Where Your Religion Can Still Send You to Jail
Mary Ann Glendon, Katrina Lantos Swett
Society,
"State actors from China to Iran to Uzbekistan continue their own assault on freedom."
December 10 marks Human Rights Day, the sixty-seventh anniversary of the landmark Universal Declaration of Human Rights (UDHR). Unfortunately fundamental rights, including religious freedom, are still being violated worldwide.
Among the worst abusers are non-state actors like ISIL and other violent religious extremist groups. In Syria and Iraq, ISIL has persecuted Shia and Sunni Muslims alike, while reserving some of its worst depredations for Yazidis and Christians. From summary executions to forced conversions, rape to sexual enslavement, abducted children to destroyed houses of worship, attacks on these communities—among the oldest in the Middle East—are part of a systematic effort to erase their presence.
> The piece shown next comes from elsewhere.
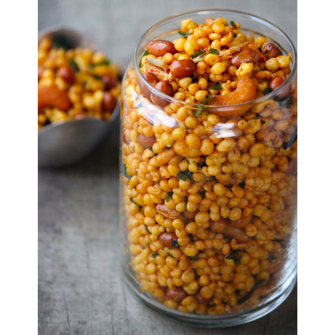 About the Product:- Kara bondi is the savoury snacks prepared with gram flour that mixed with red chili masala, and curry leaves to spice up the savoury snack and nuts like cashews and peanuts to give you crunchy texture mixed with nutty flavour. Make it a wholesome treat with Karam boondi from Andhra Pradesh.

State actors from China to Iran to Uzbekistan continue their own assault on freedom: witness the persistent presence and gross mistreatment of prisoners of conscience.
In order to spotlight the plight of these prisoners, as well as the repressive laws and policies of the governments holding them, the Tom Lantos Human Rights Commission of the U.S. House of Representatives in conjunction with the U.S. Commission on International Religious Freedom (USCIRF), on which we serve, and Amnesty International USA, created the Defending Freedoms Project. Through this project, members of Congress select prisoners in order to call culpable governments to account and ultimately help free these prisoners.
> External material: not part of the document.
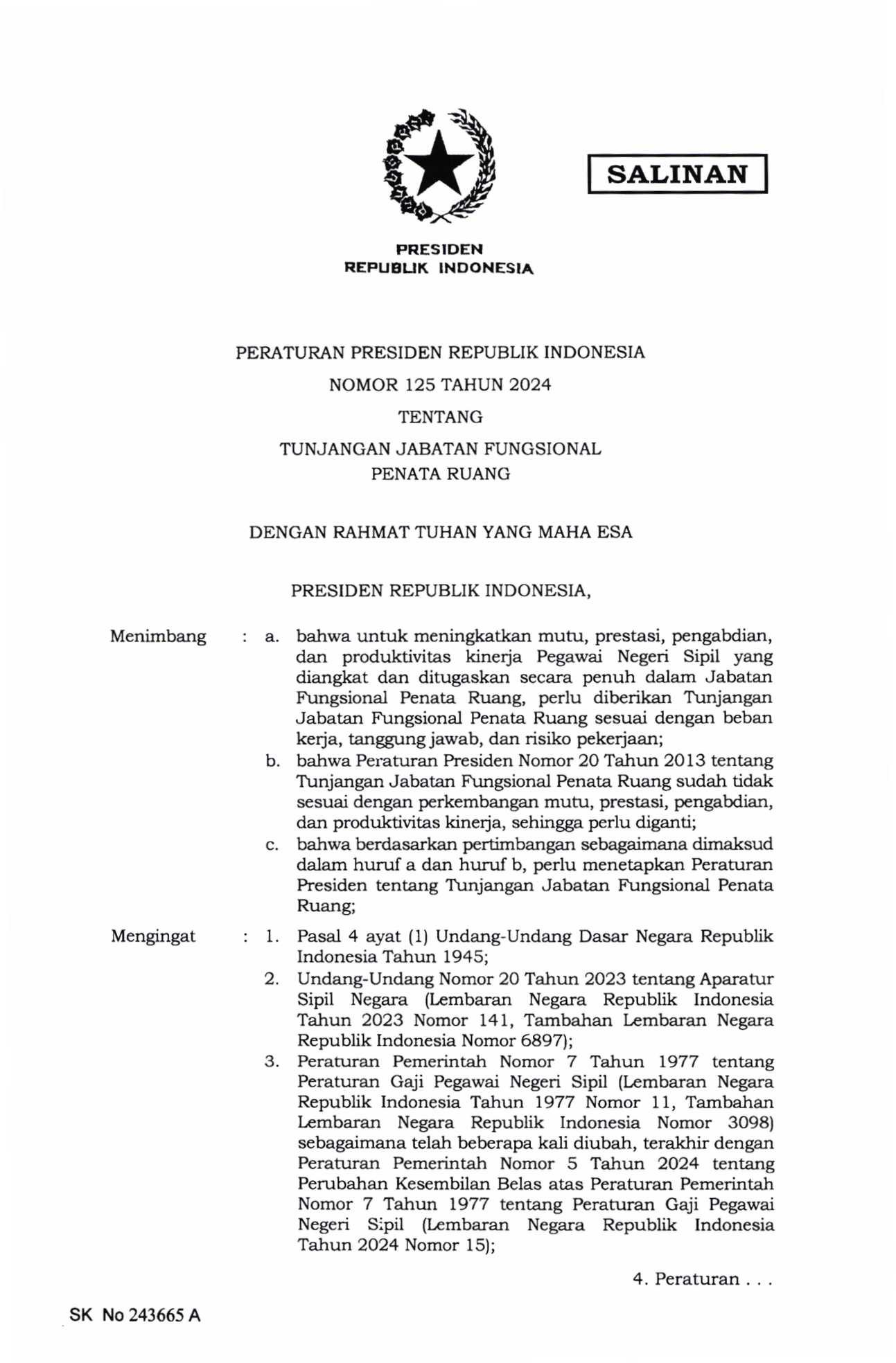 PERPRES Nomor 125 Tahun 2024 | Peraturan Presiden Nomor 125 Tahun 2024 tentang TUNJANGAN JABATAN FUNGSIONAL PENATA RUANG

Among these governments are those USCIRF has recommended to the State Department for designation as “countries of particular concern,” or CPCs, marking them as some of the world’s worst religious freedom abusers.
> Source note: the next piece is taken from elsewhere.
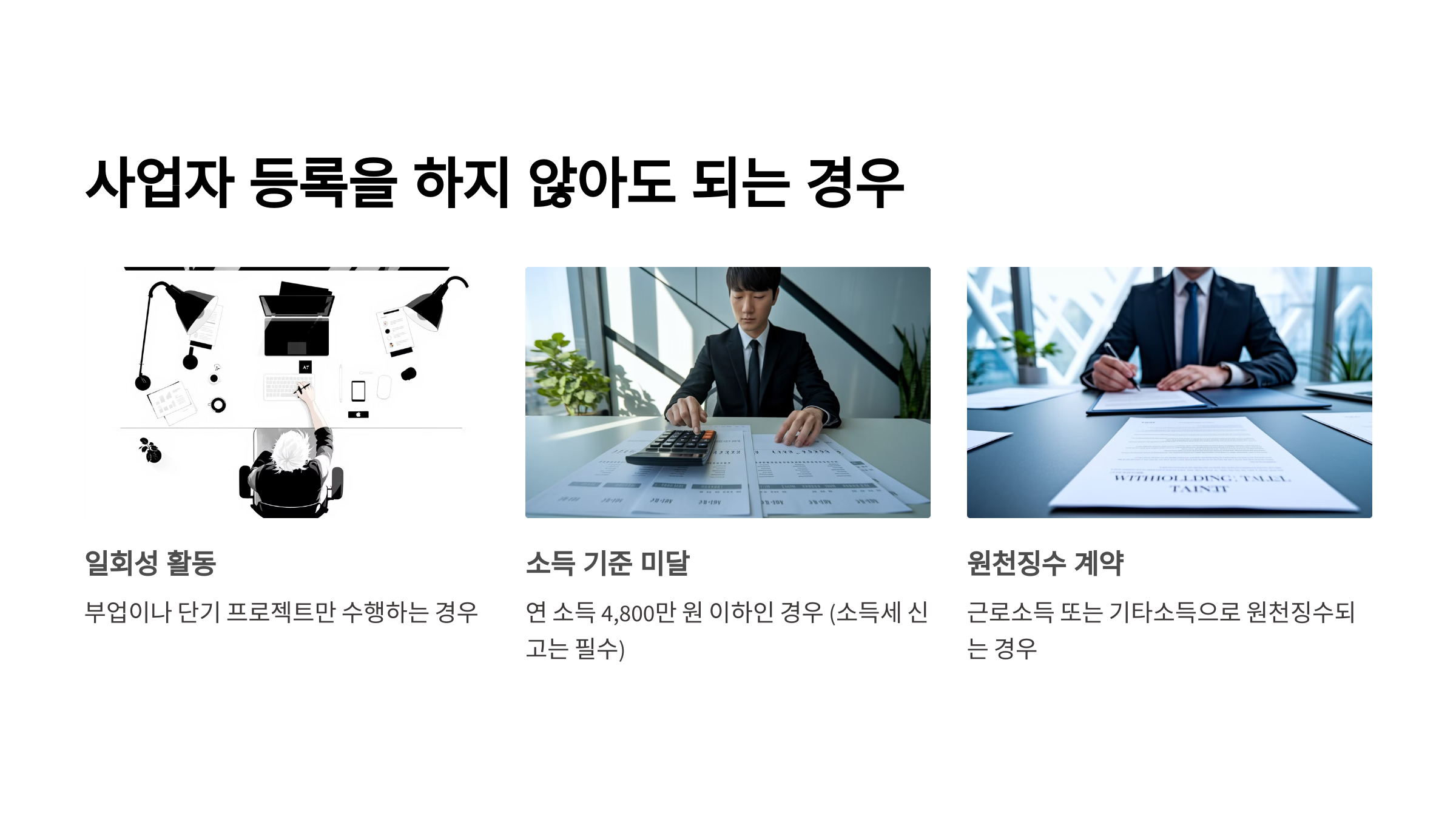 일부 프리랜서 계약은 사업소득이 아닌 근로소득 또는 기타소득으로 원천징수됩니다. 이 경우에는 사업자로 인정되지 않으며, 사업자 등록 없이도 소득세 신고만 하면 됩니다.

China, for example, imposed the draconian sentence of life imprisonment on Ilham Tohti in September 2014 for “separatism,” due to his peaceful activism on behalf of his fellow Uighur Muslims, whom the government persecutes relentlessly. Tohti was an economics professor in Beijing, where he was known for his research on Uighur-Han relations as well as his activism for the implementation of regional autonomy in Xinjiang.